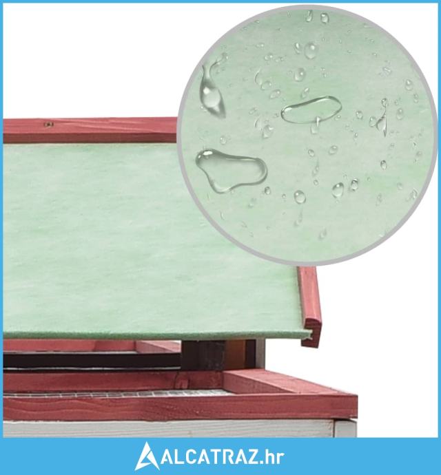 Ovaj kavez za zečeve pruža obilje prostora za vježbanje, dok čvrsta željezna žičana mreža pomaže spriječiti nestašno ponašanje i neočekivane nesreće. Osim toga, konstrukcija od željezne žičane rešetke osigurava vam nadzor nad ljubimcima i omogućuje im da dobiju dovoljno svježeg zraka. Kavez za zečeve izrađen je s visokokvalitetnim drvenim okvirom, što ga čini snažnom i sigurnom nastambom koja traje godinama. Njegov zeleni krov čuva od kiše, a udobna kućica savršeno je mjesto za spavanje. Rampa za laki uspon vodi od prizemlja do gornjeg kata. Ladica koja se izvlači olakšava čišćenje. Vrata se lako zatvaraju i zaključavaju pomoću kliznih zasuna s vijcima.
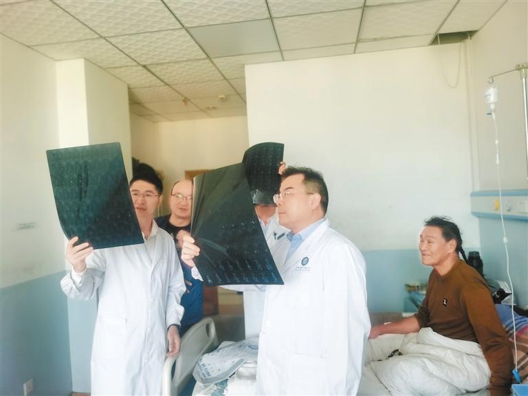 南方醫(yī)科大學(xué)第三附屬醫(yī)院院長(zhǎng)黎程(右二)查看患者X光片?! ?/p>
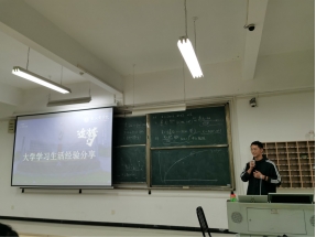 吴承昊同学不仅成绩优秀,更是创业的典型优秀代表。他为新生们讲述了自己大学四年的经历,分享了他从迷茫空虚到开始寻找个人价值的心路历程;自学各种技能,创办武汉军创之星创业服务有限公司,组织参与数十项省市级实践活动,获得4项专利和40多项奖项。他以他丰富的大学经验告诉新生们,经过反复试错后才能找到更加适合自己的道路,在实践中学习与个人目标相匹配的技能和良好的心态是提升能力的关键。

» AIM OF THE EXERCISE
The expected answer is the listing above, duplicated exactly, with its pictures removed.

» SOLUTION TO THIS TASK
 Ovaj kavez za zečeve pruža obilje prostora za vježbanje, dok čvrsta željezna žičana mreža pomaže spriječiti nestašno ponašanje i neočekivane nesreće. Osim toga, konstrukcija od željezne žičane rešetke osigurava vam nadzor nad ljubimcima i omogućuje im da dobiju dovoljno svježeg zraka. Kavez za zečeve izrađen je s visokokvalitetnim drvenim okvirom, što ga čini snažnom i sigurnom nastambom koja traje godinama. Njegov zeleni krov čuva od kiše, a udobna kućica savršeno je mjesto za spavanje. Rampa za laki uspon vodi od prizemlja do gornjeg kata. Ladica koja se izvlači olakšava čišćenje. Vrata se lako zatvaraju i zaključavaju pomoću kliznih zasuna s vijcima.
 南方醫(yī)科大學(xué)第三附屬醫(yī)院院長(zhǎng)黎程(右二)查看患者X光片?! ?/p>
 吴承昊同学不仅成绩优秀,更是创业的典型优秀代表。他为新生们讲述了自己大学四年的经历,分享了他从迷茫空虚到开始寻找个人价值的心路历程;自学各种技能,创办武汉军创之星创业服务有限公司,组织参与数十项省市级实践活动,获得4项专利和40多项奖项。他以他丰富的大学经验告诉新生们,经过反复试错后才能找到更加适合自己的道路,在实践中学习与个人目标相匹配的技能和良好的心态是提升能力的关键。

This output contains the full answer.